Clinical Phenotypes of Severe Cow’s Milk Protein Allergy with Various Responses to Amino Acid-Based Formula
Łukasz Błażowski, Daniela Podlecka, Agnieszka Brzozowska, Joanna Jerzyńska, Michał Seweryn, Marcin Błażowski, Paweł Majak

TL;DR
This study identifies three distinct symptom patterns in severe cow's milk allergy and finds that children with combined gastrointestinal and skin symptoms improve most with amino acid-based formula.
Contribution
The study introduces a new classification of severe CMA phenotypes and shows differential treatment response to amino acid-based formula.
Findings
Three distinct CMA phenotypes were identified: gastrointestinal, skin, and combined.

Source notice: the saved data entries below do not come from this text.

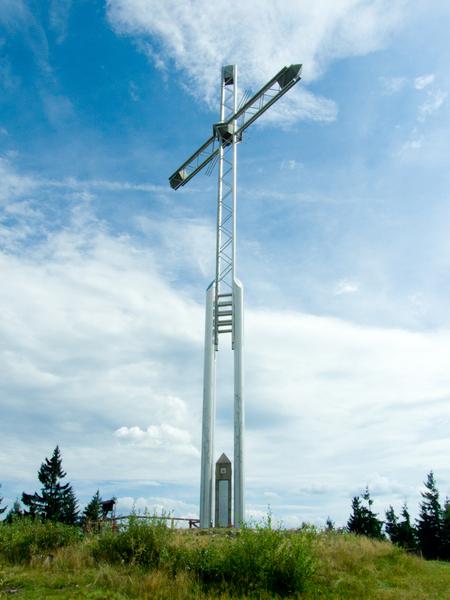 Jubileuszowy Krzyż Ziemi Żywieckiej został zaprojektowany przez mgr inż. Jacka Niedźwieckiego i mgr inż. Józefa Pasierbka, a wykonany przez Mostostal Zabrze Zakład Montażowo - Produkcyjny Czechowice. Ma wysokość dokładnie 23,5 metra.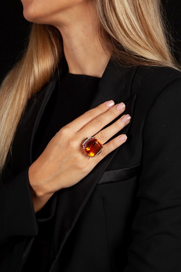 Anello in oro rosa, quarzo citrino, diamanti e rubini, Art Retrò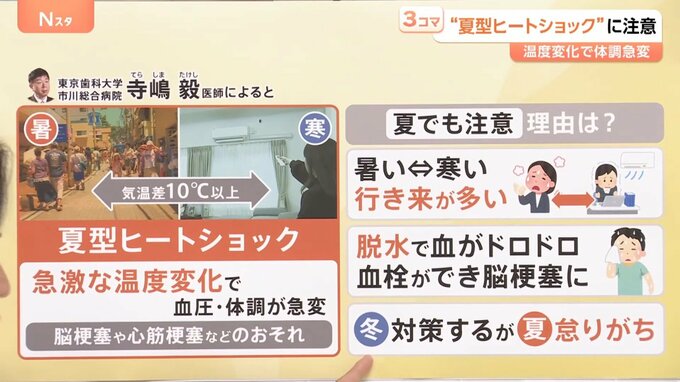 東京歯科大学市川総合病院の寺嶋毅医師によると、例えば夏は35度以上になる屋外と25度以下の屋内だと、10度以上の差があるので“夏型ヒートショック”のリスクが高まってくるということです。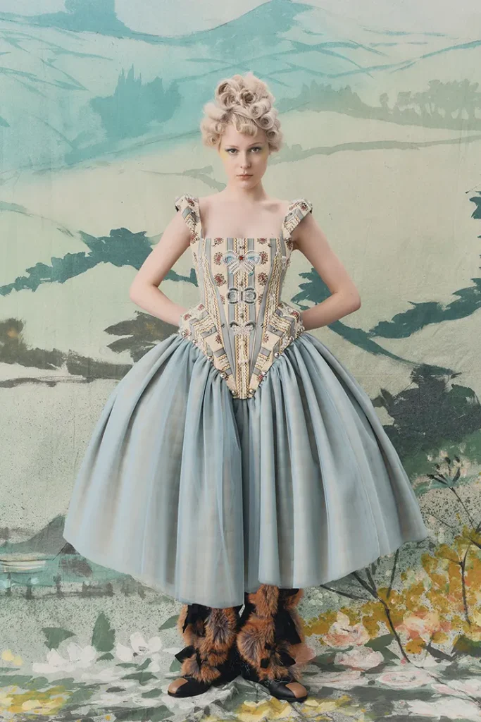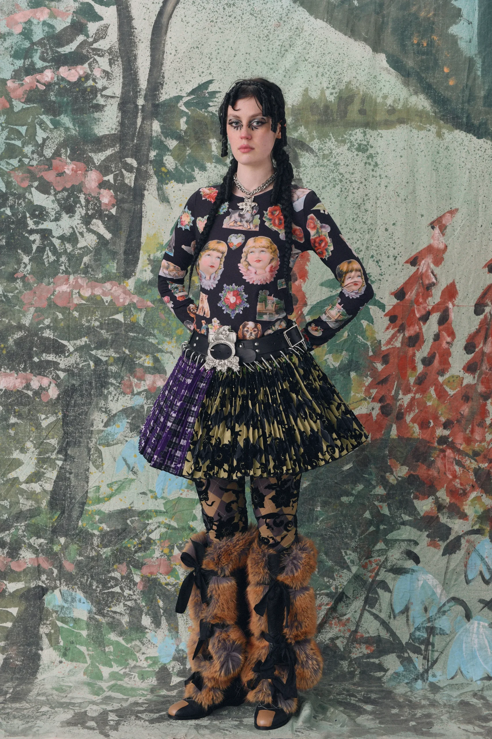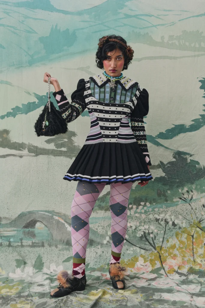There’s a particular British eccentricity anchoring this collection: tartans, chokers, pony-bead skirts, fur-trimmed boots, and pastoral backdrops reminiscent of faded manor house murals. Even the Regency mourning dress references feel tongue-in-cheek rather than reverential.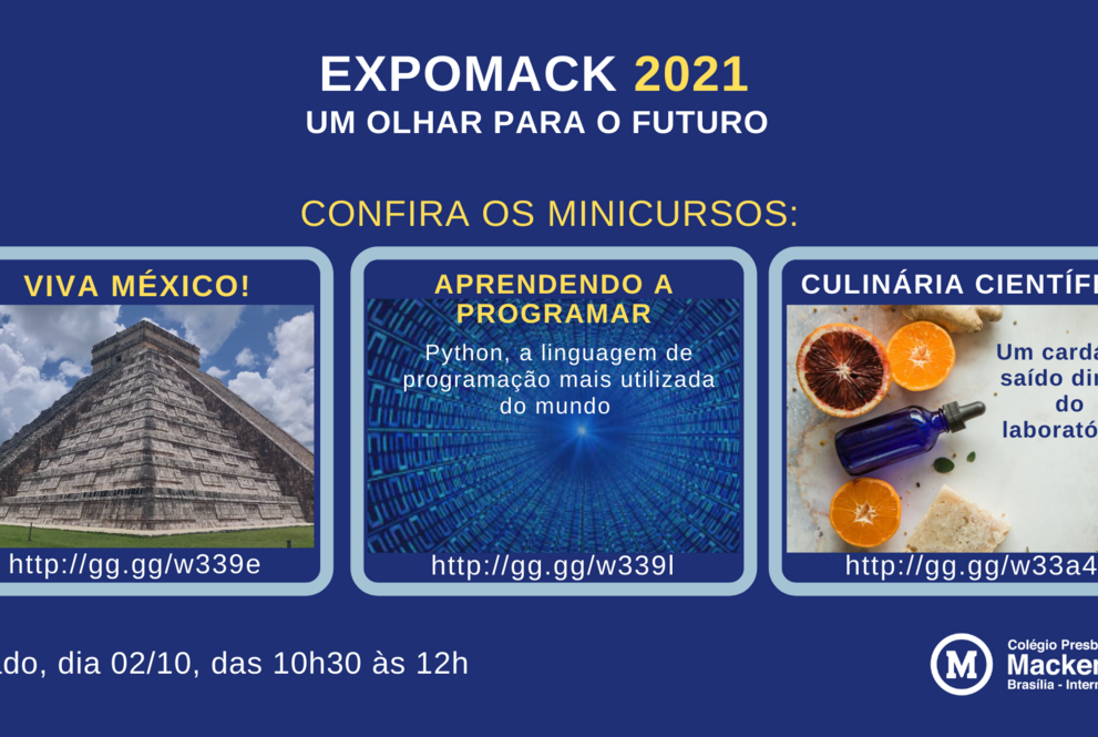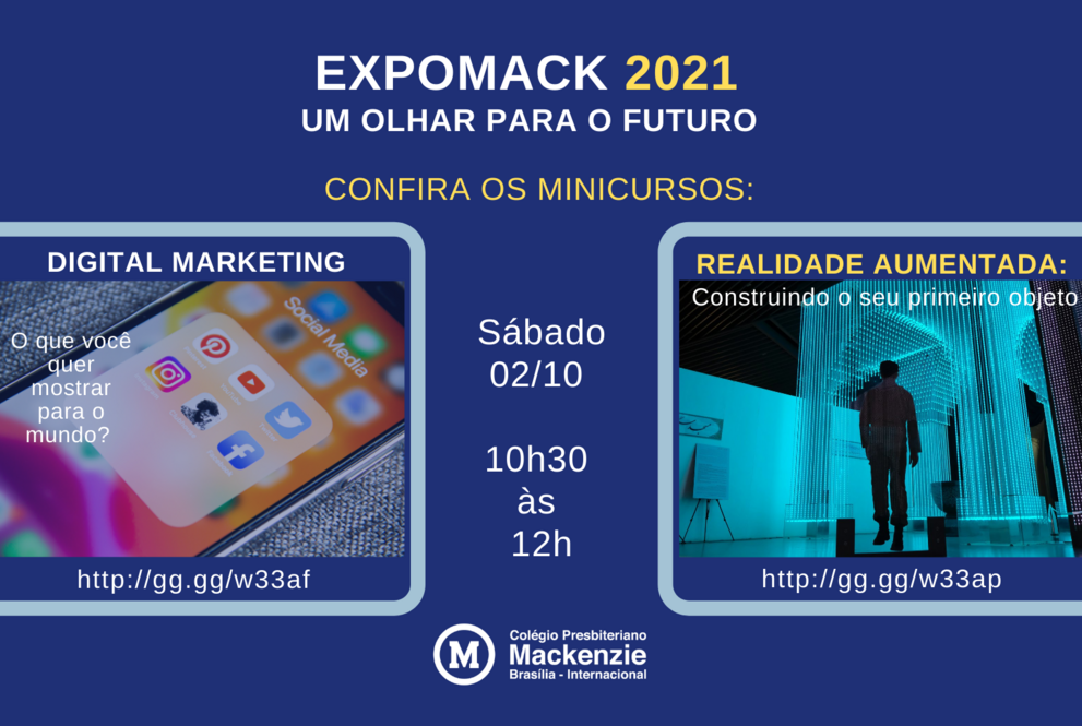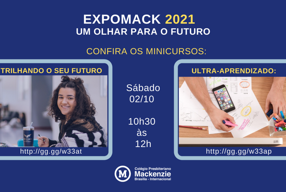 A Expomack 2021, Feira Cultural do Ensino Médio do Mackenzie Brasília, recebeu alunos, antigos alunos, pais, responsáveis e demais interessados para uma manhã de conversas sobre Um Olhar para o Futuro. O evento, gratuito e aberto à comunidade, teve participação de profissionais renomados do mercado e professores especialistas para um bate-papo informativo e reflexivo sobre o tema.

Children with the combined phenotype showed the greatest improvement after amino acid-based formula treatment.
The clustering pattern was validated in a separate cohort of infants with CMA.
Abstract
Background: The symptoms of cow’s milk allergy (CMA) can vary widely in severity and course, so diagnosis and treatment are still challenging. Objective: This study aims to establish the phenotype of severe CMA in children with the greatest improvement following the application of amino acid-based formula (AAF). Methods: This is a post hoc analysis of data from the multicenter, real-life study assessing the clinical effectiveness of a 5-week AAF intervention in 232 infants with severe CMA. A cluster analysis based on symptom severity at the 1st visit was performed. The differences in the severity scale of each symptom before and after the intervention were assessed and compared within and between clusters. The clustering results were validated in a separate cohort of infants with CMA (n = 157). Results: Three clusters were identified: cluster A (38.8% of patients) with…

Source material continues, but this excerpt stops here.